La polizia non parla cinese, il giudice annulla l’espulsione
PADOVA. Cavilli di legge che finiscono per intasare le aule di tribunali, fanno a pugni con il buon senso, rendono impossibile anche la gestione delle normali trafile come quelle per il rilascio dei permessi di soggiorno. E che fanno felici (o rendono giustizia a seconda dei punti di vista) gli stranieri, soprattutto quelli che non hanno problemi a pagarsi un avvocato per far valere le proprio ragioni. A quanto pare, l’adagio popolare che la legge non ammette ignoranza non vale più. E sembra stridere con la decisione del Tar del Veneto che, l’altro giorno, ha dato ragione a una cinese che - in Italia già da 5 anni - si è appellata perché la richiesta della questura di allegare documenti utili al rinnovo del permesso di soggiorno non le era stata tradotta in cinese. Quindi lei non ha capito, non ha presentato la dichiarazione dei redditi necessaria e il rinnovo le è stato negato. Verrebbe da dire che, dopo 5 anni e visto che in Italia evidentemente ci vuole rimanere, forse l’italiano avrebbe potuto impararlo, ma c’è poco da fare: la legge è dalla parte sua. Giusto. Sacrosanto. Il ministero dell’Interno, tra l’altro, è stato condannato anche al pagamento delle spese processuali.

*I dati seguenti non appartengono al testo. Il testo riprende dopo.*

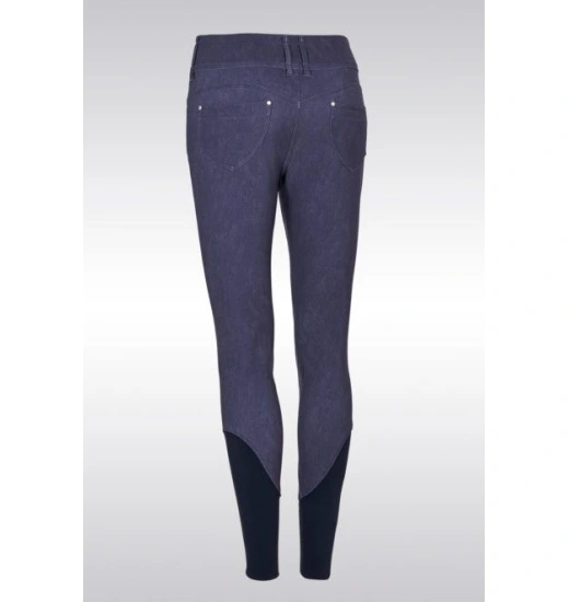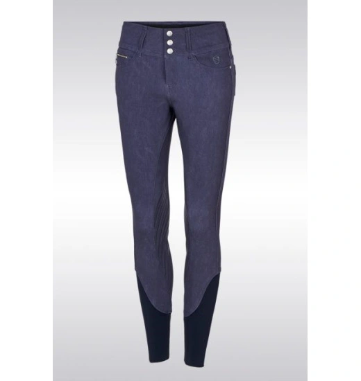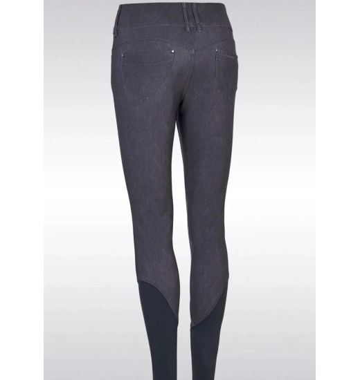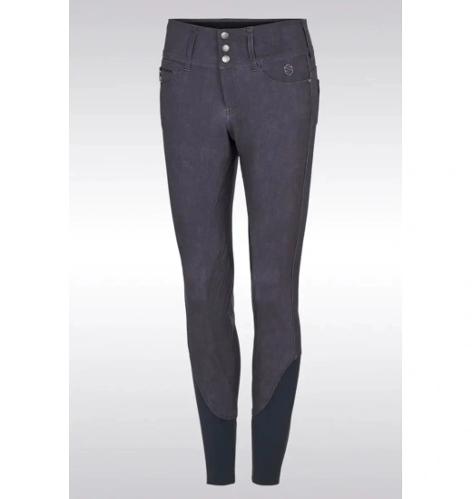 Elegant women’s breeches with a silicone knee grip. The breeches have a high waist and three buttons. They are made of the highest quality elastic fabric. Its breathable material provides perfect drainage of moisture. The given cut of the breeches excellently fits the body, at the same time allowing for full freedom of movements. The silicone grip enhances adhesiveness and stabilization in the saddle. The breeches have five pockets. They are decorated with a shiny Samshield logo.

Non c’è dubbio che si tratta di materia delica e complessa. Tuttavia, quello della signora cinese è solo l’ultimo dei ricorsi ai giudici amministrativi veneziani presentati da stranieri: negli ultimi tempi, infatti, si sono moltiplicate le cause da parte di extracomunitari che contestano il diniego del permesso di soggiorno da parte degli uffici competenti.

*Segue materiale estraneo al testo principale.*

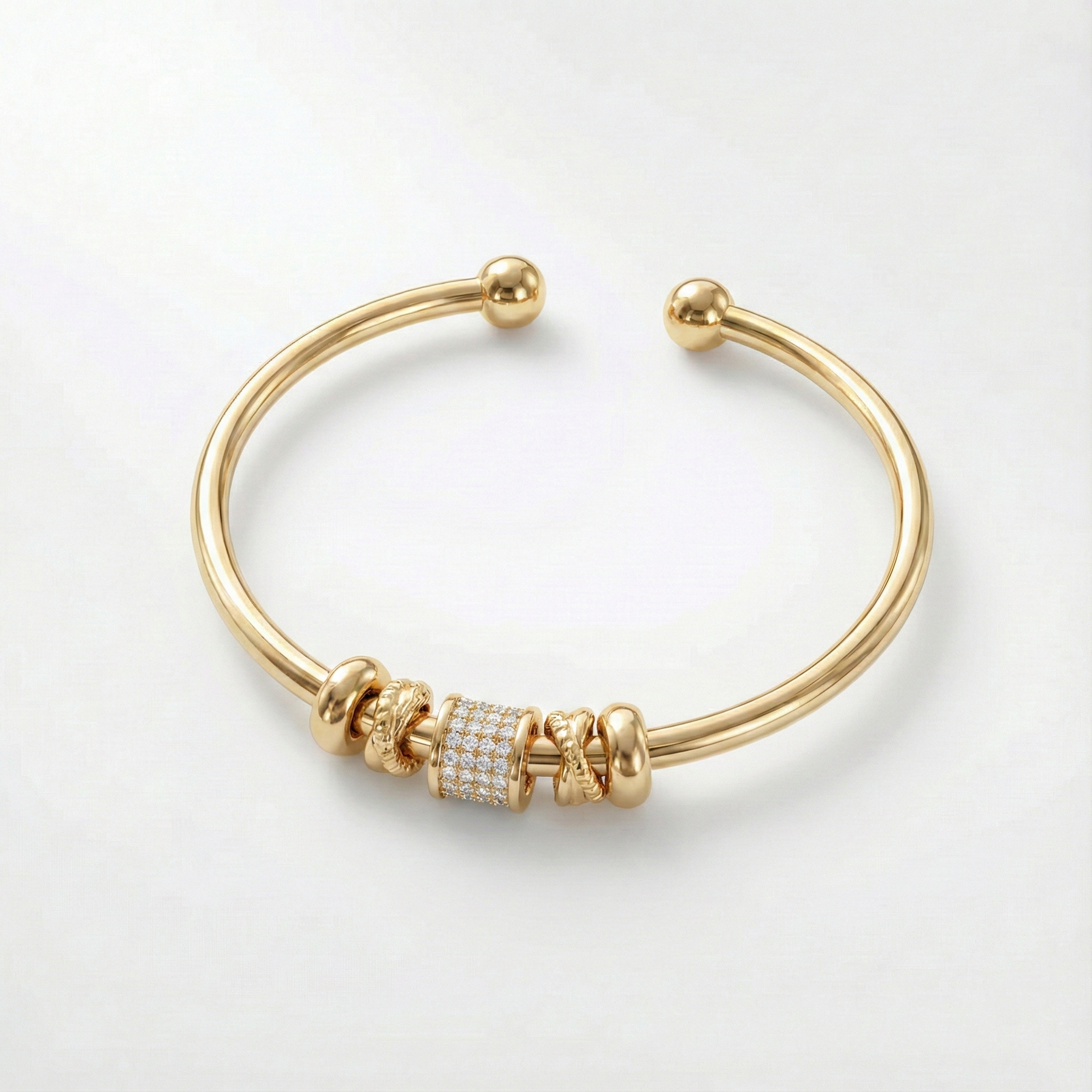 Design: Adjustable open bracelet with multiple charms

E non è raro che vincano, visto che a volte la procedura applicata nei loro confronti non è stata giudicata del tutto regolare, o comunque vengono ravvisati dei vizi procedurali. Tra l’altro, gli stranieri sono sempre di più e l’aumento di possibili cause sarà esponenziale nei prossimi anni. Facile prevedere quindi un ingolfamento della giustizia amministrativa. Che - giusto ricordarlo - ha l’obbligo di verificare caso per caso. Il più delle volte i ricorsi vengono rigettati, ma crescono in continuazione, nonostante rivolgersi a un legale per pretendere giustizia abbia un costo elevato.

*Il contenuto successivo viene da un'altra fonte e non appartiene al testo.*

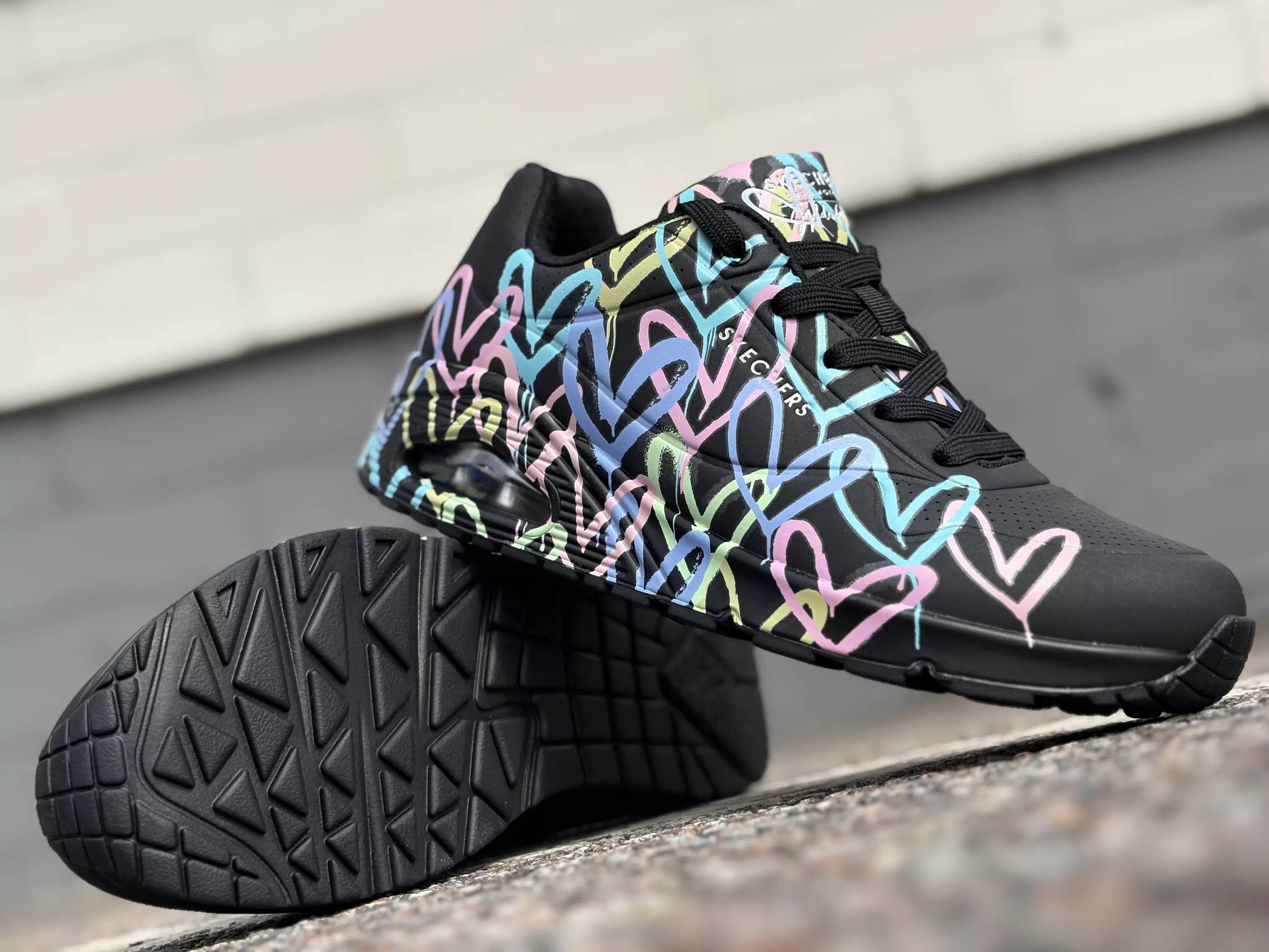 Kansainvälisesti tunnetun muralisti James Goldcrownin ikoninen Lovewall-sydänteos nyt myös Skechersin mallistossa, tällä kertaa mustana sydänten koreillessa monissa eri sävyissä! Kengän kuviointi kulkee kengän ulkosivussa pohjaa myöten. Pehmeä Air-Cooled Memory Foam sisäpohjallinen muotoutuu jalkaan, tarjoten välitöntä mukavuutta ja hengittävyyttä jalalle.

Sempre di pochi giorni fa è un’altra sentenza che riguarda un marocchino residente a Padova che è riuscito a far condannare il ministero dell’Interno (sanzione di 1.500 euro più spese processuali) facendo annullare l’atto nel quale la prefettura rigettava la richiesta di emersione del lavoro irregolare (si tratta di un beneficio previsto dalla legge per gli imprenditori che dichiarino di aver avuto lavoratori stranieri in nero dei quali hanno denunciato la presenza entro una tale data). Una situazione complessa in merito alla quale è riuscito a dimostrare di aver lavorato in una ditta nonostante fosse stato occupato per un periodo in nero. Quindi senza produrre alcun documento contabile. Per i giudici veneziani «è possibile addivenire al rilascio del permesso di soggiorno per attesa occupazione anche in assenza delle somme dovute dal datore di lavoro a titolo retributivo pari ad almeno 6 mesi». È ricorsa al Tar pure un’altra signora cinese che nell’istanza ha fatto presente ai giudici che non ha potuto presentare nei tempi consentiti il certificato di frequenza dell’Università di Padova a causa di un blocco informatico il quale avrebbe impedito per motivi tecnici l’accesso alla frequentazione on-line del corso di laurea in Scienze e Tecniche psicologiche. Stavolta i giudici hanno rigettato il ricorso.